Las parteras del Éxodo pueden enseñarnos mucho sobre cómo temer a Dios más que al rey.

Paintings from Exodus.
Christianity Today April 30, 2026
Wikimedia Commons / Ediciones de CT

A juzgar por el discurso público actual, uno podría pensar que la Biblia solo aborda temas políticos una vez, en Romanos 13. «Todos deben someterse a las autoridades públicas, pues no hay autoridad que Dios no haya dispuesto», escribió el apóstol Pablo (v. 1). Pero, ¿debemos entender esto como el único modelo de testimonio político cristiano? ¿Es la instrucción de Pablo un mandato universal para los creyentes, incluso en situaciones en las que los gobernantes terrenales realmente infunden terror a «los que hacen lo bueno» (v. 3)?

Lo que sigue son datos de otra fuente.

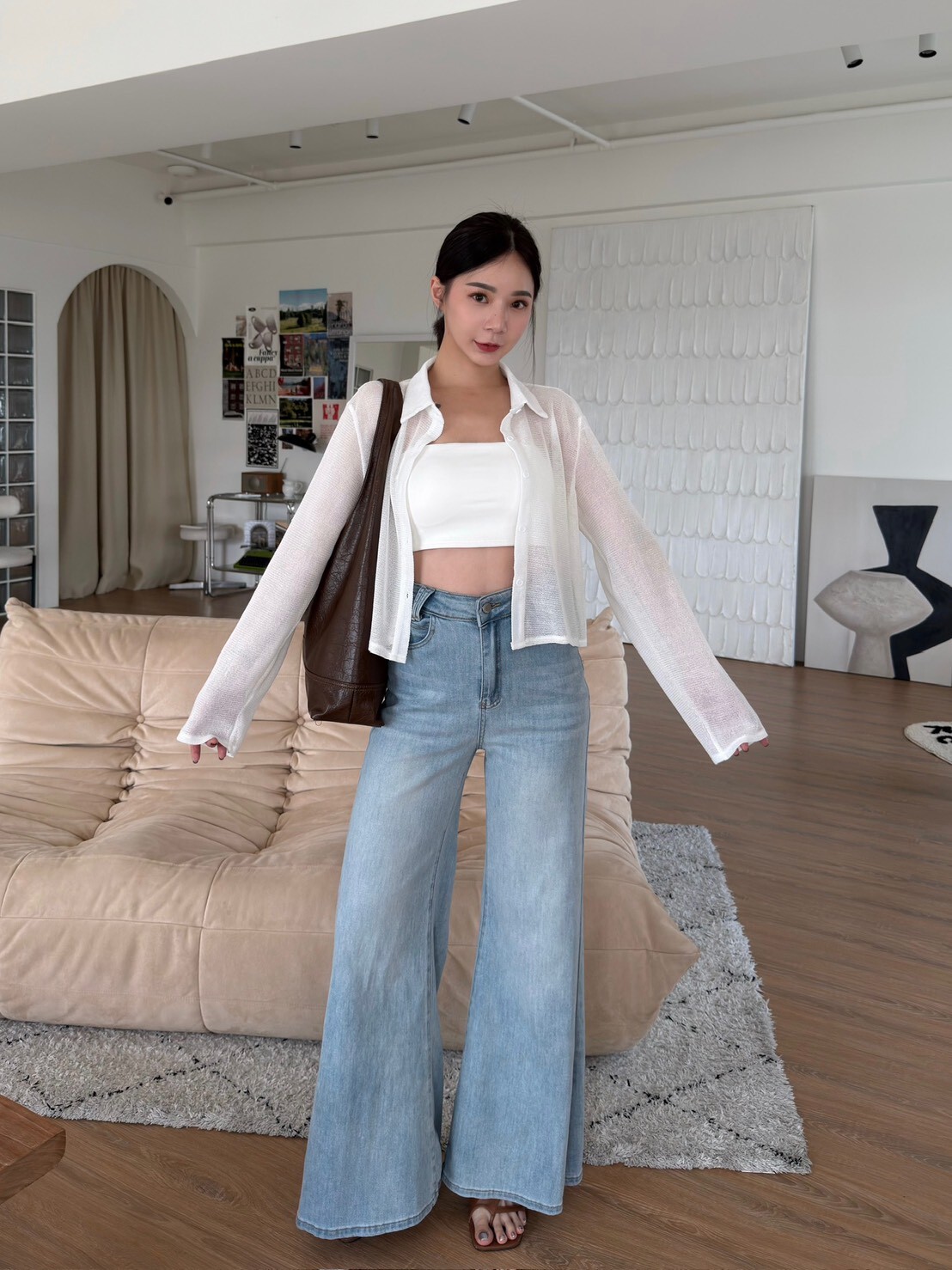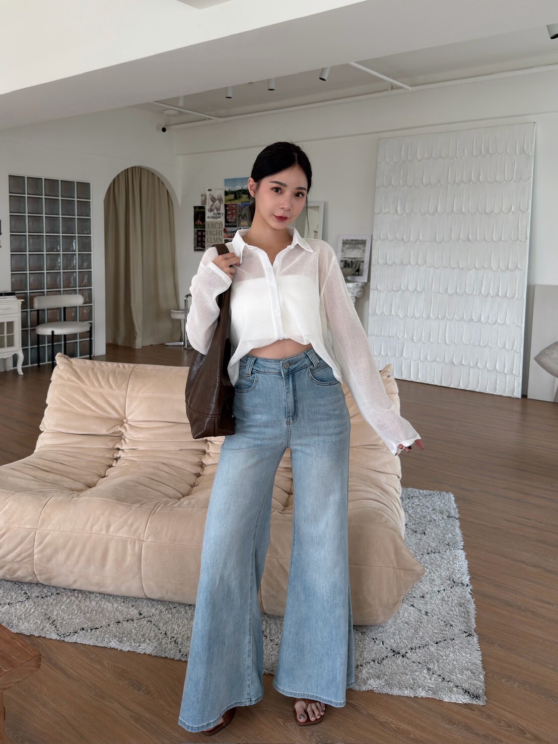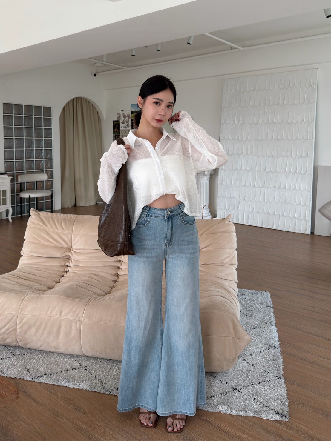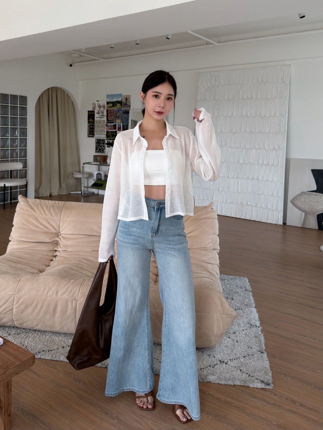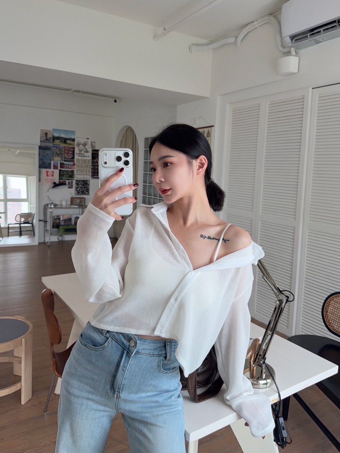 翻領透透排釦上衣

Pedro parece apoyar este enfoque cuando dice: «Sométanse por causa del Señor a toda autoridad humana. […] respeten al rey» (1 Pedro 2:13–17). No obstante, continúa su explicación enfatizando que debemos estar dispuestos a soportar nosotros mismos el sufrimiento injusto. Pero infligir injusticia a otros es otra cuestión totalmente distinta.

Una de mis heroínas es Corrie ten Boom, una mujer holandesa que se resistió al régimen nazi al esconder a muchos judíos en su casa y falsificando cartillas de racionamiento para alimentarlos. Leí su libro de memorias, El refugio secreto, varias veces mientras crecía. Mantener a salvo a los judíos requería un engaño diario: se trataba de una desobediencia flagrante a las autoridades gobernantes. Su decisión de resistirse al régimen le valió ser capturada y encarcelada en un campo de concentración, donde sufrió mucho. Pero, gracias a Dios, sobrevivió a la guerra y pasó a escribir y hablar sobre el poder de perdonar a sus enemigos.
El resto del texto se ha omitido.